New Pre-Clinical Data on ALN-AS1 for the Treatment of Porphyria and PK/PD Properties of GalNAc-siRNA Conjugates
We presented new pre-clinical data supporting the selection of the ALN-AS1 Development Candidate for the treatment of hepatic porphyrias, including acute intermittent porphyria (AIP). The new research, presented at the 9th Annual Meeting of the Oligonucleotide Therapeutics Society, held October 6 – 8, 2013 in Naples, Italy, showed that multi-dose administration of a GalNAc-siRNA targeting ALAS-1 led to rapid, dose-dependent, and long-lasting knockdown of the ALAS-1 mRNA in non-human primates, with an ED50 of approximately 1.25 mg/kg. Further, in a rat model of AIP, ALN-AS1 administration at doses as low as 2.5 mg/kg resulted in a complete blunting of phenobarbital-induced over-production of PBG and ALA, the toxic heme intermediates in AIP.
We are very pleased to advance ALN-AS1 as a new Development Candidate in our “Alnylam 5×15” pipeline. With the recent clinical experience of our GalNAc-siRNA conjugate delivery platform, we are encouraged by the potential ALN-AS1 could have for patients with AIP, an ultra-rare genetic disease with significant unmet medical need.

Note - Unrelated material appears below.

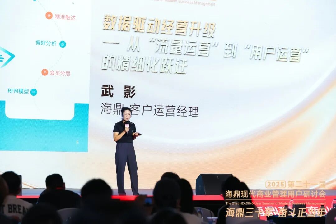 海鼎客户运营经理武影深入分享了数据驱动经营升级的策略。她指出,面对连锁零售行业的私域运营困局,需通过会员数据洞察、精准营销及分层运营来破解。通过新客运营提升企微添加率与复购率,老客复购利用周期数据锚定唤醒节点,沉睡会员则通过标签分层实现精准召回。武影强调,数据是洞察的工具,精细化运营需以数据为基础,读懂用户需求,用内容打动用户,助力企业构建私域高价值运营闭环。

In addition, we presented new pre-clinical data on the pharmacokinetic and pharmacodynamic properties of GalNAc-siRNA conjugates. Results showed that target gene silencing is achieved at very low levels of liver tissue exposure. The ability of GalNAc-siRNA to achieve target gene knockdown at low tissue exposure underscores the potential for a wide therapeutic index for these RNAi therapeutics.